• **Record set**:

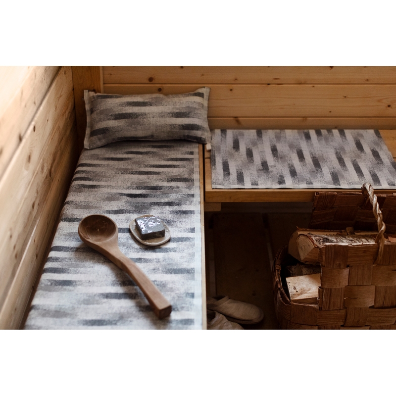 The short sauna bench pad features the Hohto pattern in grey. The motif is inspired by trees with rays of sunlight shining through. The pad in fresh colours will increase your comfort and improve hygiene when using the sauna. It is suitable not only for sitting, but also as a foot pad in a public sauna.
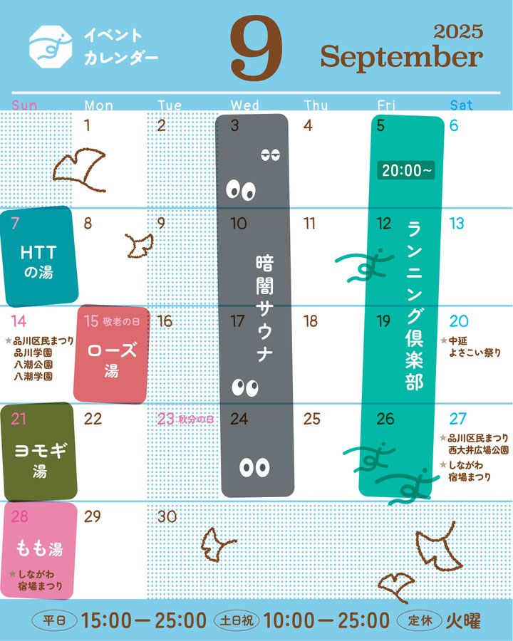 9月のカレンダーができましたすえひろ湯のイベントは予定がありませんが、品川区ではたくさんのお祭りが開催されるようです!お祭りの後はぜひ#す活に来てくださいね〜!23日(秋分の日)は定休日なのでお休みで..
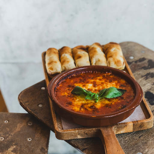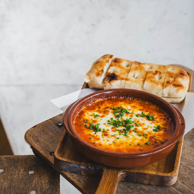 Oven roasted smoked mozzarella, pomodoro, bread.
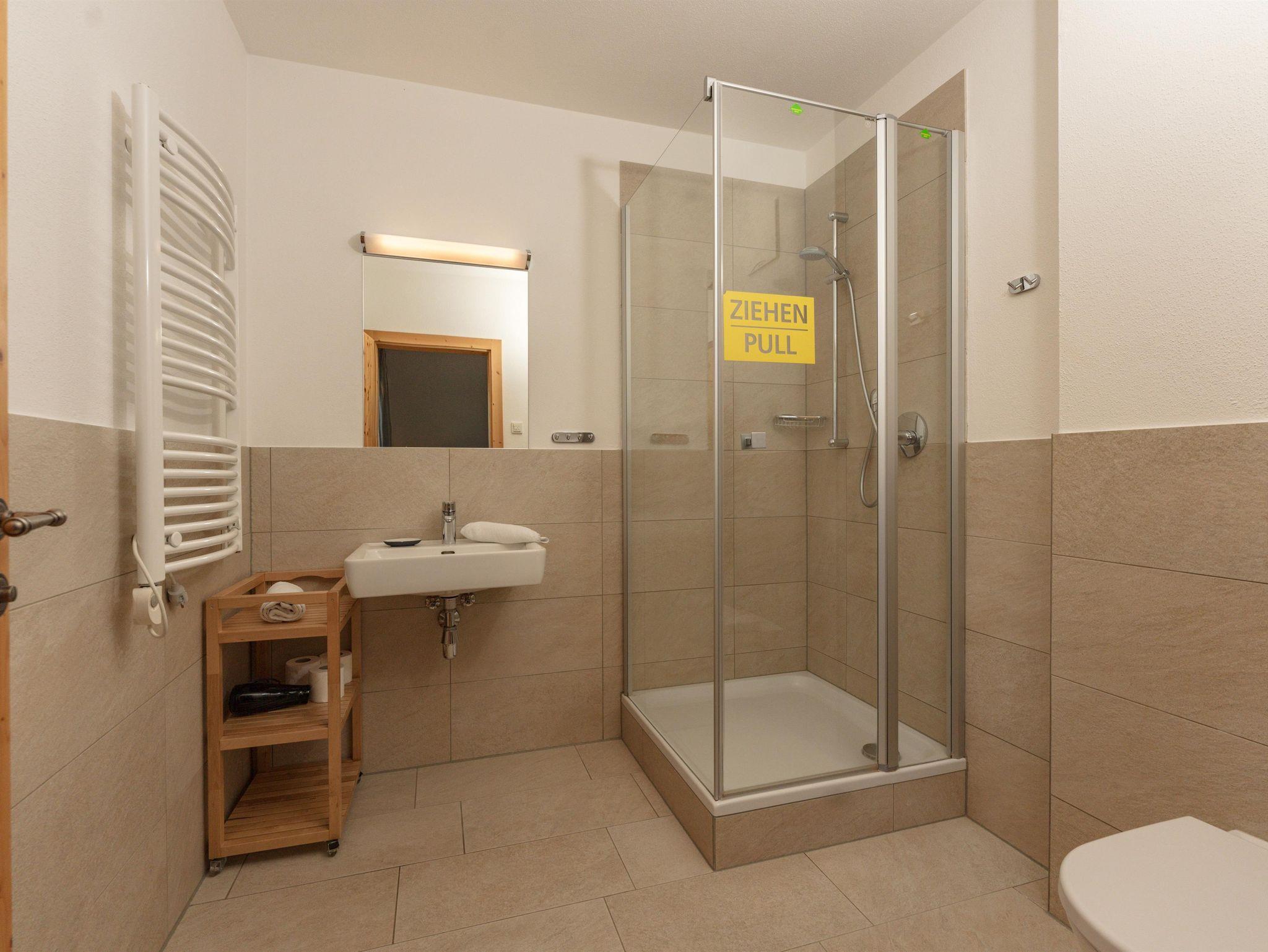 - 1 Schlafzimmer mit Doppelbett und einem Einzelbett + Badezimmer (Dusche, WC)
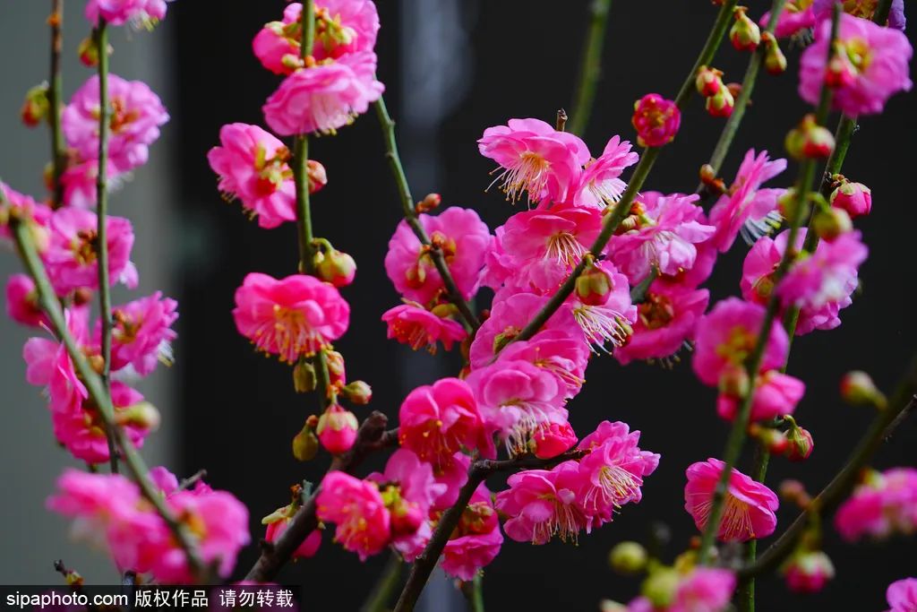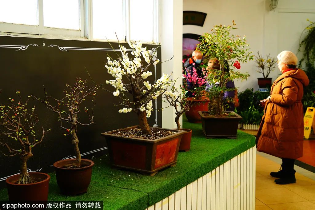 Currently, the Tang Flower Dock at Zhongshan Park is hosting the "Overture of Spring" New Year's boutique flower exhibition, showcasing azaleas, wax plums, plum blossoms, and winter jasmine, among other flowers. Indoor leafy plants like pineapple and North American holly are also on display, totaling more than 30 species and over 1000 pots.
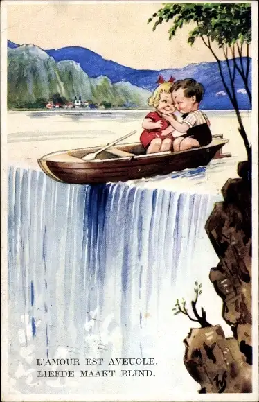 Künstler Ak Scheuermann, Willi, Liebespaar in einem Boot, Absturz vom Wasserfall
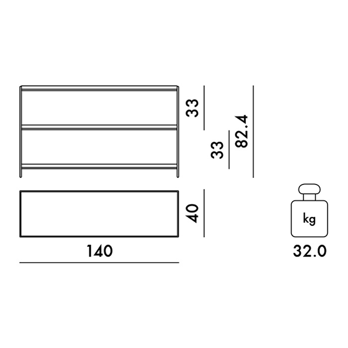 Estantería en acero y estantes de PMMA. Dimensiones: 140x40x82,4h cm.
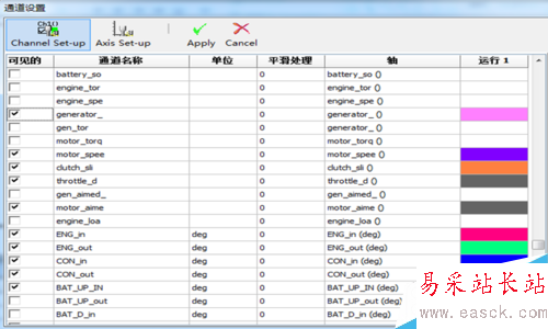 4.在通道設置里面勾選想要顯示的信號,并為各個不同信號設置不同的顏色以示區分。同時還可以對各個信號的坐標軸進行設置。點擊“Apply”后,信號的顯示效果如下圖所示。
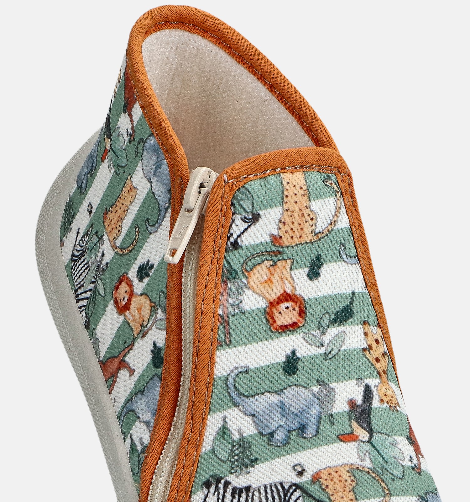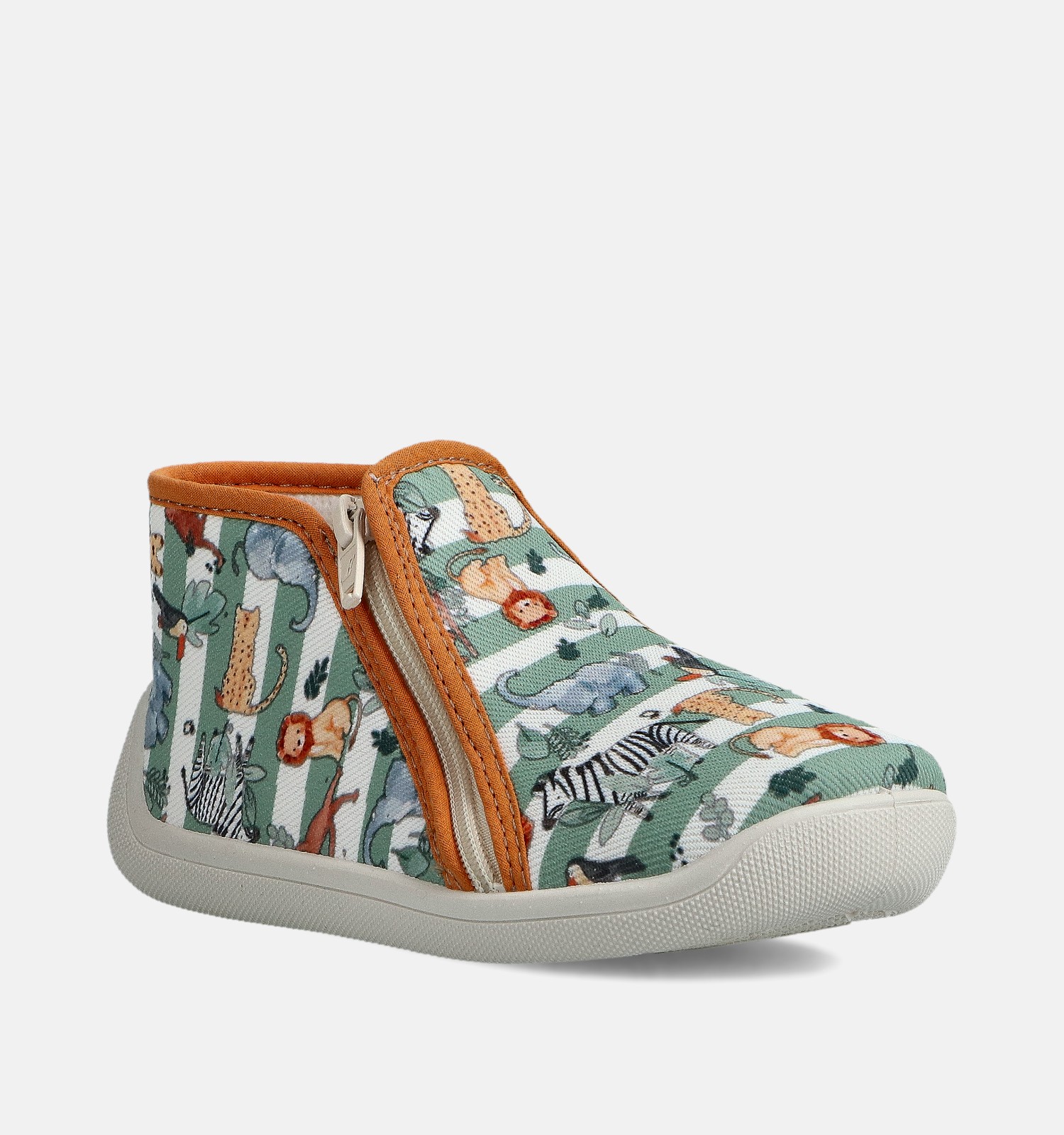 Deze groene jongenspantoffels hebben een ritssluiting, zodat jongens deze makkelijk kunnen aan- en uittrekken.

• **Your objective**:
Send back the data above word for word, with the pictures left out.

• **Output of the task**:
 The short sauna bench pad features the Hohto pattern in grey. The motif is inspired by trees with rays of sunlight shining through. The pad in fresh colours will increase your comfort and improve hygiene when using the sauna. It is suitable not only for sitting, but also as a foot pad in a public sauna.
 9月のカレンダーができましたすえひろ湯のイベントは予定がありませんが、品川区ではたくさんのお祭りが開催されるようです!お祭りの後はぜひ#す活に来てくださいね〜!23日(秋分の日)は定休日なのでお休みで..
 Oven roasted smoked mozzarella, pomodoro, bread.
 - 1 Schlafzimmer mit Doppelbett und einem Einzelbett + Badezimmer (Dusche, WC)
 Currently, the Tang Flower Dock at Zhongshan Park is hosting the "Overture of Spring" New Year's boutique flower exhibition, showcasing azaleas, wax plums, plum blossoms, and winter jasmine, among other flowers. Indoor leafy plants like pineapple and North American holly are also on display, totaling more than 30 species and over 1000 pots.
 Künstler Ak Scheuermann, Willi, Liebespaar in einem Boot, Absturz vom Wasserfall
 Estantería en acero y estantes de PMMA. Dimensiones: 140x40x82,4h cm.
 4.在通道設置里面勾選想要顯示的信號,并為各個不同信號設置不同的顏色以示區分。同時還可以對各個信號的坐標軸進行設置。點擊“Apply”后,信號的顯示效果如下圖所示。
 Deze groene jongenspantoffels hebben een ritssluiting, zodat jongens deze makkelijk kunnen aan- en uittrekken.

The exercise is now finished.